Maryland Gov. Marvin Mandel ordinarily could be expected to do something clever, given the current strike by racetrack employees against Bowie, Pimlico and Laurel. Mandel is knowledgeable in racing matters.
"The union forgets we are not one of their food markets, that we are a buiness regulated by government where increased costs cannot automatically be turned over to the consumer," said Al Karwacki, Bowie's general manager.
Most segments of the Maryland racing industry are annoyed with Mandel for his apparent lack of interest in their fiscal crisis. That is amusing, because when the governor tried to help the sport's shaky future with a consolidation program and legalized offtrack betting, not too many years ago, the horse industry opposed him.
Now predictably, the tracks have fallen upon hard times except for Pimlico. Bowie and Laurel want to be bailed out by the bettors. Oh, they don't come right out and admit as much. They talk of an industry bill before the state legislature that asks the state to give up 1 per cent of its share of the takeout in order to help the purse structure and the track owners.
The industry's back-up position would be to agree, however "reluctantly," to a 1 per cent increase gained by jumping the total takeout from 15 to 16 per cent on basic bets and from 16 to 17 per cent (or higher) on multiple pools.
They would agree to this even though the low takeout in Maryland, compared to the usurious rates in neighboring states, is what attracts many bettors to area tracks.
That means the bettors would foot the bill for the track employee's pay raise had improved health and welfare benefits. Just as surely as this sort of relief was granted by Annapolis, Laurel and Bowie would be back two or three years from now pleading poverty again.
This strike should tell everybody something about the health of Maryland racing. Pimlico can afford to give the emploees a sizeable increase. Bowie's operation is marginal. Laurel is destitute. The reason is simple: Pimlico has superior management and a dedication to providing better racing.
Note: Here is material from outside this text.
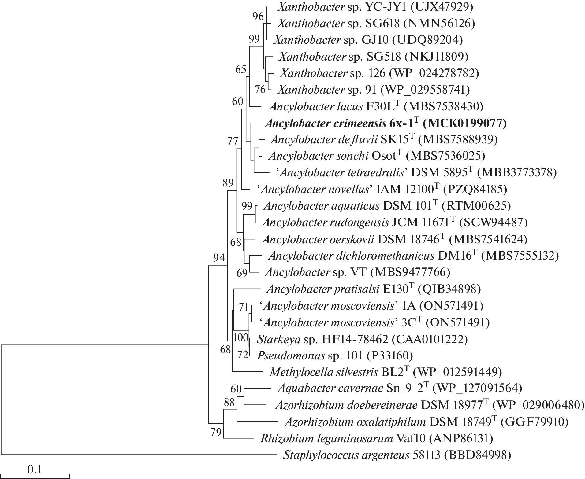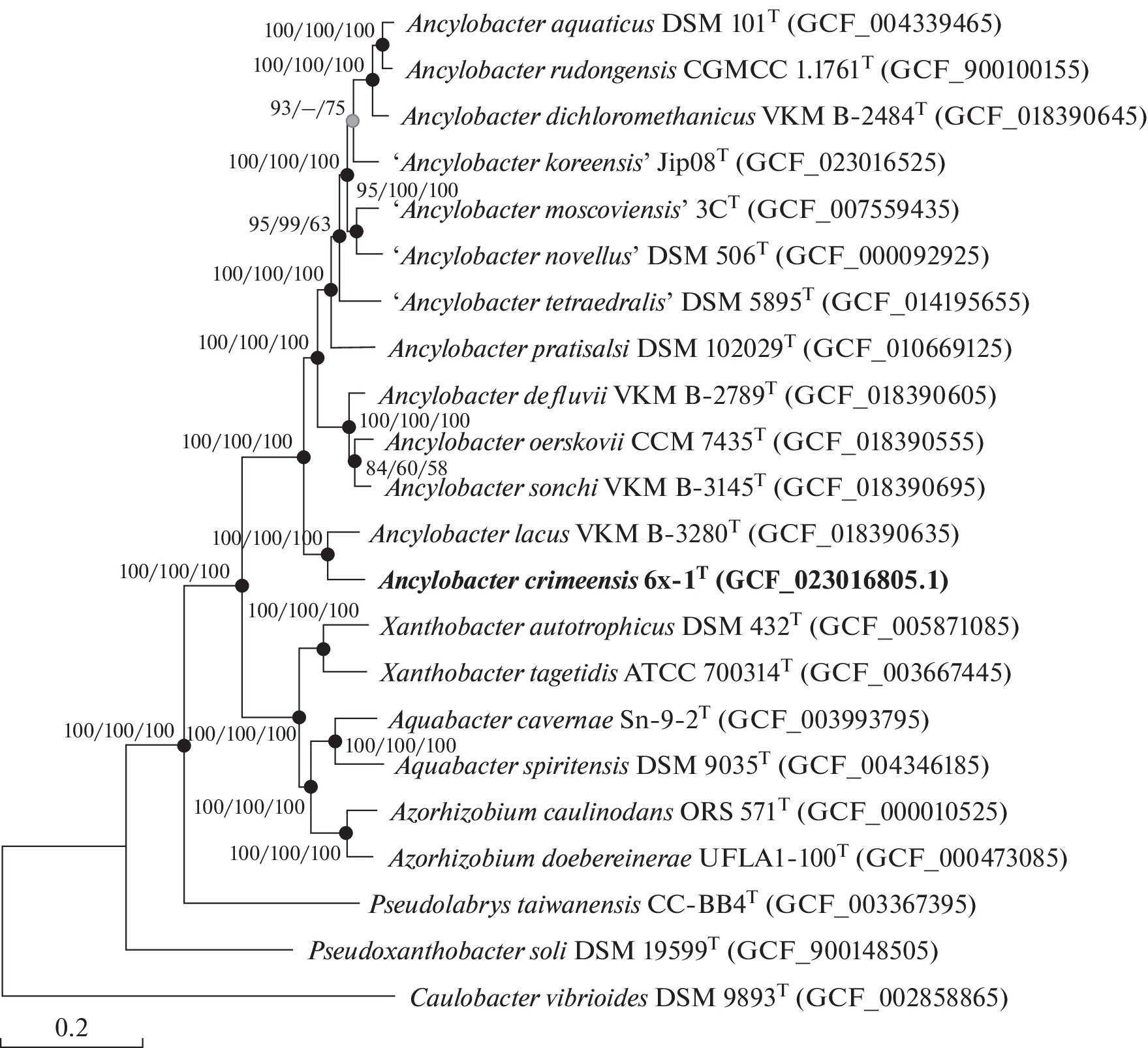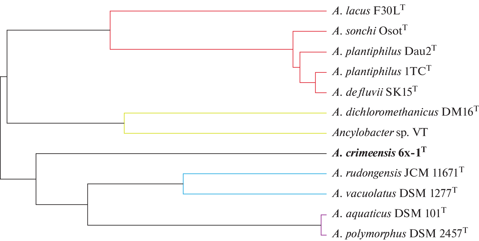 A new facultative methylotroph, strain 6x-1T, was isolated from the phyllosphere of oak (Quercus pubescens Willd.) on the medium with methanol. Cells were aerobic, gram-negative, not-spore-forming, non-motile short ovoids rods reproducing by binary fission. Growth optimum was at 25‒29°C and pH 7.0‒7.5; growth was inhibited by 1.5% NaCl. Predominant fatty acids were C18:1ω7c and C19:0cyclo. Predominant phospholipids were phosphatidylethanolamine, phosphatidylmonomethylethanolamine, and diphosphatidylglycerol. Tha major ubiquinone was Q10. The 16S rRNA gene sequence of strain 6x-1T exhibited the highest similarity to those of members of the genus Ancylobacter (97.0‒97.4%). Genome analysis of strain 6x-1T and most closely related Ancylobacter strains revealed that the values of ANI (80.7‒83.5%), dDDH (22.4‒23.3%), AAI (72.0‒78.0%), and POCP (62.0‒69.0%) were below the recommended threshold values for prokaryotic species. Genome size of strain 6x-1T was 4.29 × 106 Mb, and G + C content was 67.3%. According to the results of phylogenetic, phylogenomic, phenotypic, and chemotaxonomic analysis, strain 6x-1T (=VKM В-3256T = ССUG 72401T) represents a new species of genus Ancylobacter, for which the name Ancylobacter crimeensis sp. nov. is proposed.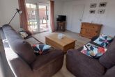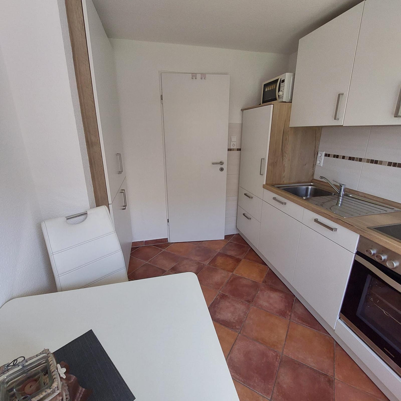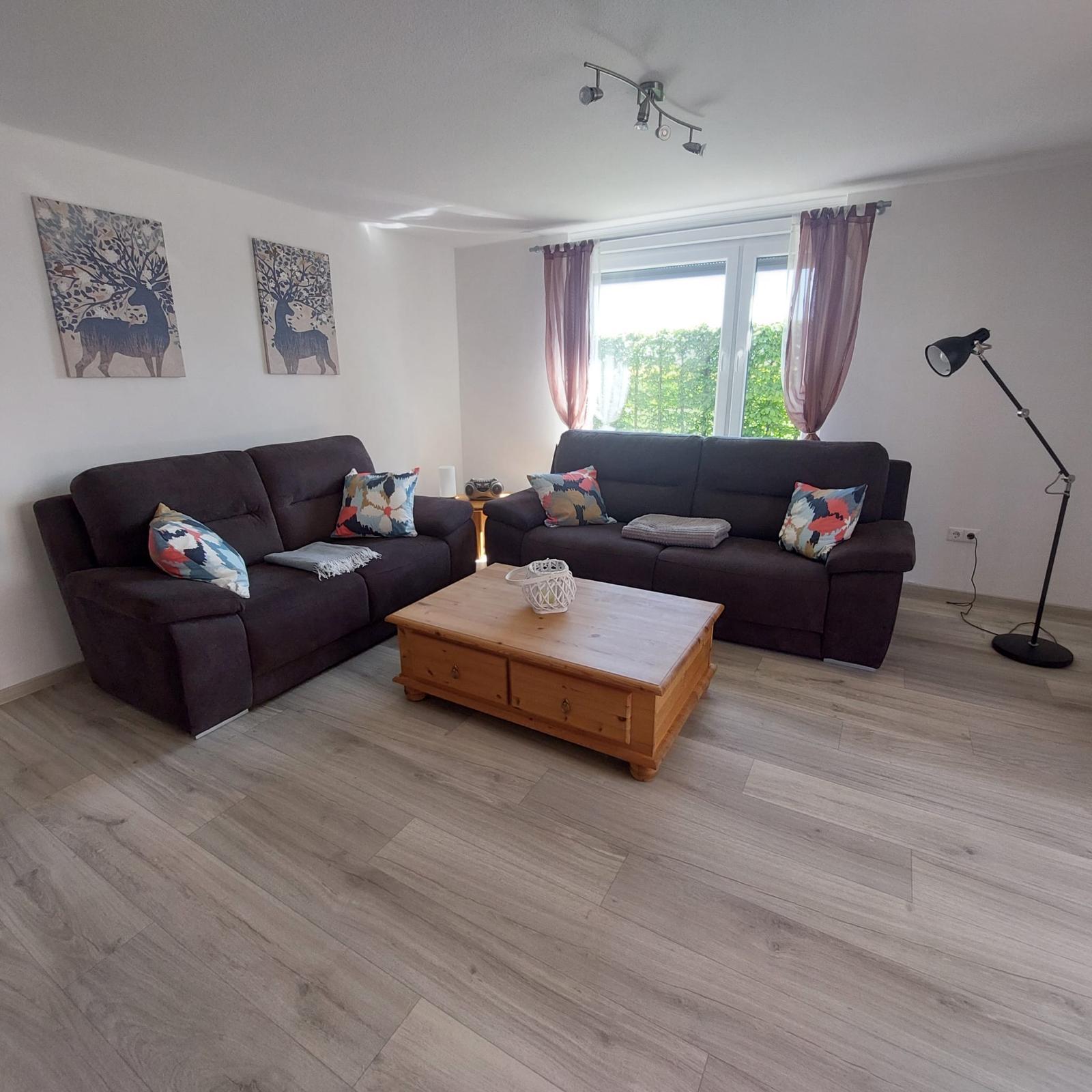 Die Ferienwohnung Vorne (ca. 80 m²) erstreckt sich über das Erd- und Obergeschoß unseres Ferienhauses. Vom gemütlichen Wohn-/Essbereich mit integrierter Küchenzeile gelangen Sie auf die Terrasse mit Gartenmöbeln. Die Schlafzimmer teilen sich in zwei mit jeweils einem Doppel- und das Weitere mit einem Einzelbett auf.

It was Pimlico that lined up the sensational apprentice, Steve Cauthen, for opening day, after Laurel and Bowie had acted as though the 16-year-old jockey didn't exist. Pimlico has built the Preakness into a great attraction while Laurel stumbles about with the Washington, D.C. International and Bowie is, well, just Bowie.
Regrettably, it is the trainers and the owners who will be hurt the most as the length of this strike increases. The cost of keeping a horse is just as high as it was last Friday when Bowie was open.
But Pimlico is not about to break away from Bowie and Laurel to negotiate a separate settlement.
"Our united from will not weaken," Lang assured. "We will negotiate collectively, even though e are considered the fat cat. If Bowie and Laurel can't afford to meet the union's contract demands, we won't either. The three of us are in the same boat."
That is true, up to a point, except that one track has been attempting to plow ahead while, the two others serve as anchors.
It is up to the union and tracks to solve their differences. Maryland has no obligation to help. The state receives only 5.34 per cent of the take, one of the lowest percentages in the country. Bowie and Laurel may contend they need tax relief but why, then, does Pimlico do so nicely working under the same formula that finds the tracks receiving 4.16 per cent?
No one wants to see the strike continue. The horses, however, can use some time off and so can the bettors. And most important, the bettors should not be saddled with a higher tax rate at the mutual window in order to solve the differences between Bowie. Laurel and the union.